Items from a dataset
Segment Open

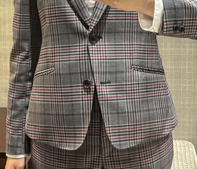 理由は単純に、レディーススーツはボタンを全て留めた状態が一番綺麗に見えるようにデザインされているためです。
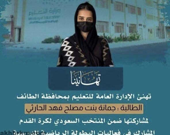 حققت الطالبة جمانة مصلح الحارثي إنجازًا رياضيًا لافتًا بعد اختيارها ضمن صفوف المنتخب السعودي لكرة القدم للسيدات المشارك في بطولة ولي العهد المقامة في مدينة عمّان بالمملكة الأردنية الهاشمية.
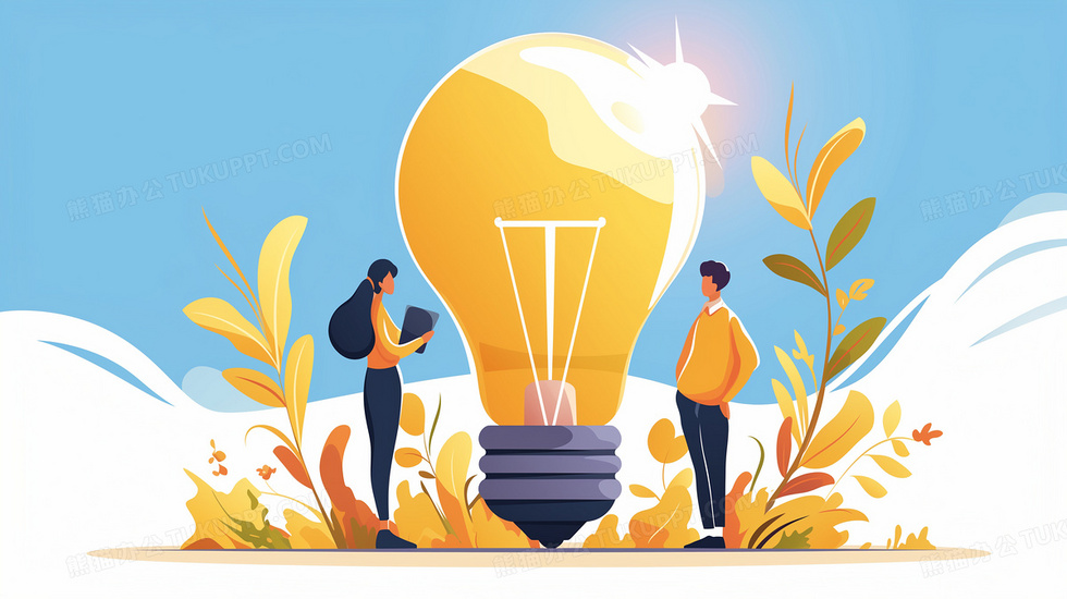 本作品内容为白领对着一个特别大的灯泡讨论问题插画, 格式为 jpg, 大小2 MB, 图片尺寸为2912 x 1632, 源文件无水印, 欢迎使用熊猫办公。 如认为平台内容涉嫌侵权,可通过邮件:tousu@tukuppt.com提出书面通知,我们将及时处理。
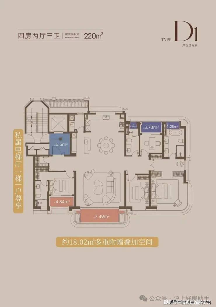 作为楼王中的顶豪户型,该户型有诸多亮点:
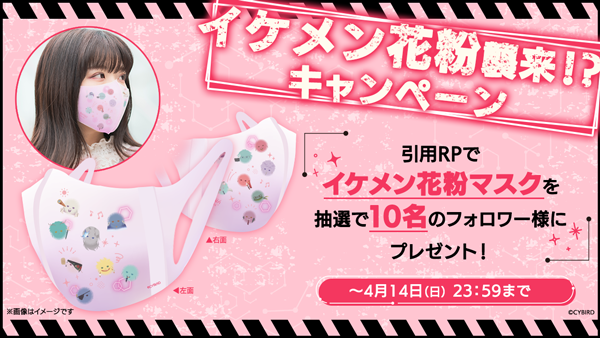 「イケメンシリーズ」公式X(https://twitter.com/cyikemen)では「イケメン花粉」の発見を記念して、イケメン花粉デザインのオリジナルマスクが抽選で10名に当たるキャンペーンを実施します。
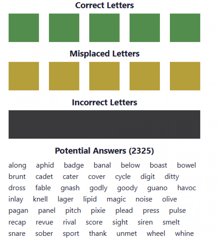 It lets you enter the letters you’ve guessed, green, yellow, and gray, to narrow down possible words instantly.
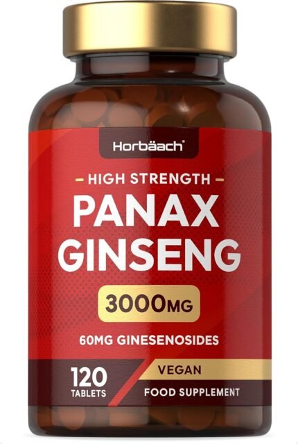 Panax Ginseng High Strength | 3000mg Korean Ginseng Tablets | 120 Vegan Tablets | Providing 60mg Ginsenosides | by Horbaach

Segment Closed

TASK INSTRUCTIONS: Every entry belongs in the answer exactly as written, but no picture does.

RESPONSE TO THE EXERCISE:
 理由は単純に、レディーススーツはボタンを全て留めた状態が一番綺麗に見えるようにデザインされているためです。
 حققت الطالبة جمانة مصلح الحارثي إنجازًا رياضيًا لافتًا بعد اختيارها ضمن صفوف المنتخب السعودي لكرة القدم للسيدات المشارك في بطولة ولي العهد المقامة في مدينة عمّان بالمملكة الأردنية الهاشمية.
 本作品内容为白领对着一个特别大的灯泡讨论问题插画, 格式为 jpg, 大小2 MB, 图片尺寸为2912 x 1632, 源文件无水印, 欢迎使用熊猫办公。 如认为平台内容涉嫌侵权,可通过邮件:tousu@tukuppt.com提出书面通知,我们将及时处理。
 作为楼王中的顶豪户型,该户型有诸多亮点:
 「イケメンシリーズ」公式X(https://twitter.com/cyikemen)では「イケメン花粉」の発見を記念して、イケメン花粉デザインのオリジナルマスクが抽選で10名に当たるキャンペーンを実施します。
 It lets you enter the letters you’ve guessed, green, yellow, and gray, to narrow down possible words instantly.
 Panax Ginseng High Strength | 3000mg Korean Ginseng Tablets | 120 Vegan Tablets | Providing 60mg Ginsenosides | by Horbaach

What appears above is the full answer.